Wednesday, April 8

Darth Seder

Well, my first time making matzah went pretty well. After 2 kg of flour and nearly five hours, I had the equivalent of maybe two or three boxes of matzah, but all irregular, ugly, and real. About half were officially "kosher for Passover", meaning that they actually were finished within the allotted time. This would have been a lot easier with help, but it is what it is. Next year, I'll do a lot better.



So now I'm preparing in earnest . . .

. . . for my first seder that I'm doing myself, not just a guest at. I have a pretty basic menu for five, volunteers bringing wine and grape juice, and a haggadah ready to be printed as soon as I find my USB stick.

For the haggadah, I started with JewishBoston's The Wandering is Over. I opened it as a word file and added some art, reformatted it a bit, and added the bit about "mitzrayim" meaning "narrow places" and my own take on the wicked son.

Menu plan is:
Vegetarian "chopped liver" with crudite's (I don't know how to put an accent aigu on with this keyboard)
Salad (either Israeli or basic green)
Lentil soup
Roasted spring vegetables atop a lemon quinoa pilaf
Matzah (natch)
Macaroons with fresh fruit
Wine

I'm a little disappointed to be lacking matzah balls and kugel, but the matzah is swindling, so I need to ration it. 

Wednesday, March 25

The Point of Pesach

I have been in a frenzy, as I realized just how disconnected from the timecycles of Judaism I've gotten. I looked up and saw: ten days until Passover. Ten days before the first Passover I would ever experience during which I could neither travel to a family celebration in L.A. nor go to a friends' house for a Chavurah seder. Yes, we hope to video chat in to the L.A. celebration, but I need the hands-on experience, the interactive learning system the early rabbis put in place in the Mishnah over 800 years ago.

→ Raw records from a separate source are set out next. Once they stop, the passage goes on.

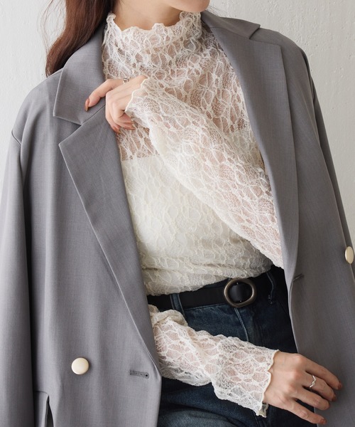 【いつものコーデにワンポイントプラス◎】インナーで大活躍のストレッチレースプルオーバーです。レースの凹凸感がかわいく、伸縮性がある生地なのでストレスフリーな着心地です。程よい透け感で大人っぽいレースなので、カジュアルからキレイめまで合わせやすいのも嬉しいポイントです。丈感はしっかりめに作られているのでボトムスにインしやすい設計に。いつものコーデに何か足したいときにオススメなアイテムで首元はもちろん、袖だけちらっと見せるのもかわいいです。【商品ポイント】・レイヤードコーデに最適・伸縮性のある生地でストレスフリー・大人っぽいレースデザインなので合わせやすい----------------------------------------------------■商品特徴洗 濯 方 法 :手洗い可裏 地 :なし透 け 感 :あり伸 縮 性 :あり光 沢 感 :なし生地の厚さ:薄め----------------------------------------------------■素材ナイロン90%, ポリウレタン10%----------------------------------------------------※着用、お取り扱いの際は、商品についている品質表示とアテンションタグを必ずご確認下さい。※商品タグに記載されている商品名がWEBでの表記名と異なる場合があります。※実際の商品と仕様、加工、サイズが若干異なる場合がございます。※照明の関係により、実際よりもやや明るく見える場合がございます。またパソコンなどの環境により、若干製品と画像のカラーが異なる場合もございます。予めご了承くださいませ。【お気に入り登録】してお得な情報をCHECK!!・「商品のお気に入り登録」で再入荷通知や、ラストの通知、セール通知も受け取ることができます。・「ブランドのお気に入り登録」で新商品や再入荷など、お得な情報を受け取ることができます。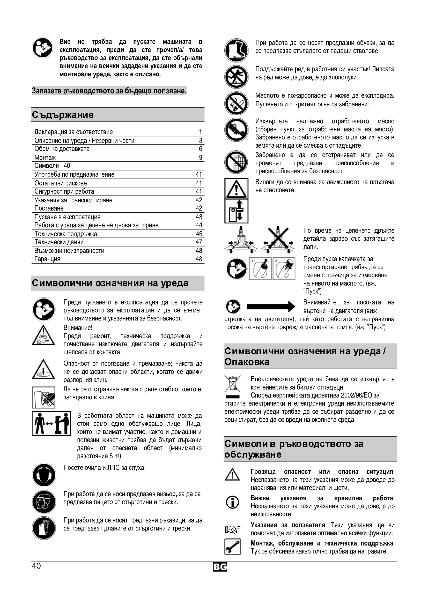Декларация за съответствие 1 Описание на уреда / Резервни части 3 Обем на доставката 6 Монтаж 9 Символи 40 Употреба по предназначение 41 Остатъчни рискове 41 Сигурност при работа 41 Указания за транспортиране 42 Поставяне 42 Пускане в експлоатация 43 Работа с уреда за цепене на дърва за горене 44 Техническа поддръжка 46 Технически данни 47 Възможни неизправности 48 Гаранция 48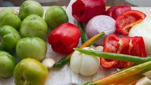 Se cosechan tomates verdes, pimientos morrones, pepinos, zanahorias y cebollas.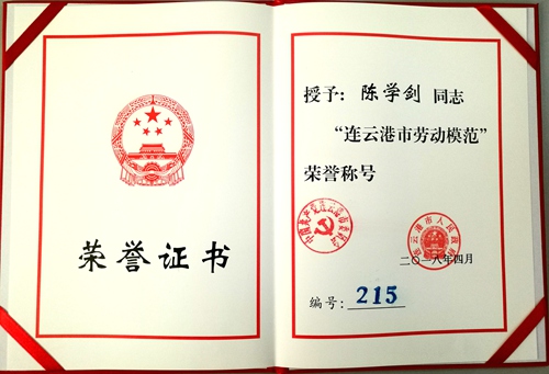 近日,連云港市召開勞模表彰大會,我公司陳學劍同志榮獲2015—2017年度連云港市勞動模范稱號。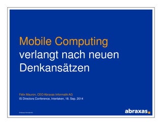 Die Directors Conference im September 2014 befasste sich mit den Herausforderungen, die mobile Computing für Unternehmen mit sich bringt, und betonte die Notwendigkeit neuer Denkansätze. Abraxas Informatik AG, unter der Leitung von CEO Félix Mauron, bietet umfassende IT-Dienstleistungen und Lösungen für die öffentliche Hand in der Schweiz an. Die Veranstaltung thematisierte auch die Chancen, die sich aus der Konsumerisierung und der mobilen Revolution ergeben.
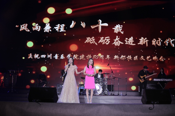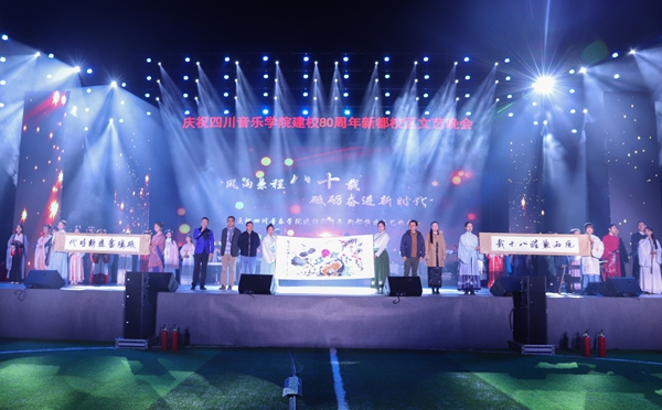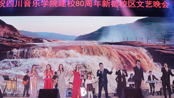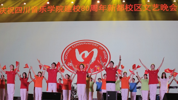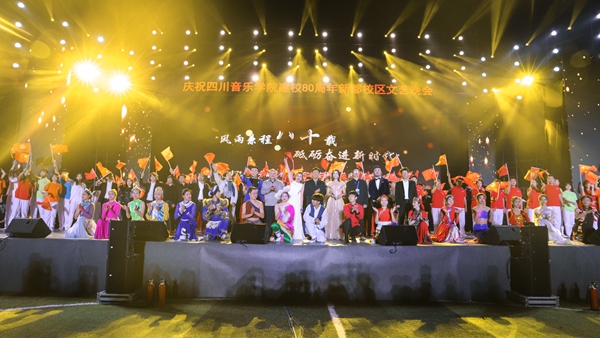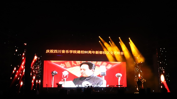 学校院长刘立云,副院长牟文虎,成都市新都区委,区政府、区人大、区政协,规划与自然资源局、文广局、卫生局、新都街道办事处等三十多个部门的领导和工作人员,西南石油大学、成都医学院等兄弟院系领导,学校各职能部门负责人,各院系的党政领导,离退休教师、校友及在校师生共8000余人观看了晚会,共庆川音八十华诞。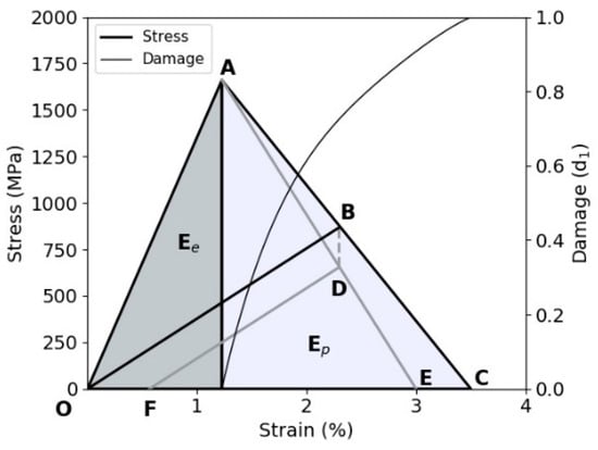 where n represents the nth timestep or load increment. Figure 12 illustrates the bilinear constitutive model where AC relates to and AE, when . The greater the value of , the greater the magnitude of the irreversible stress BD, and hence the permanent strain OF. The “plastic strain” that is defined in this paper results from residual deformation formed during damage evolution. It is clear that the constants can be derived from experimental fibre cyclic permanent strain versus damage plots.

I am looking at the reality of my life here in Japan. And yes, I have been very bad about sharing it via a blog, or even regular letters and emails. Sorry again about that. I look at my studio apartment, my "fun-sized" fridge, our bed that takes up most of our room. I wanted to invite lots of people, make a big thing, teach a lot of people about Passover, and make it a magical experience. I wanted my first seder to be . . .  you know, perfect.

I am a little separated from my student teaching now (eight months, now), and even though I am still teaching, I forgot the basic lesson of failure every teacher should know.

No matter how well you lesson plan, that lesson is well over 50% better the second time you teach it.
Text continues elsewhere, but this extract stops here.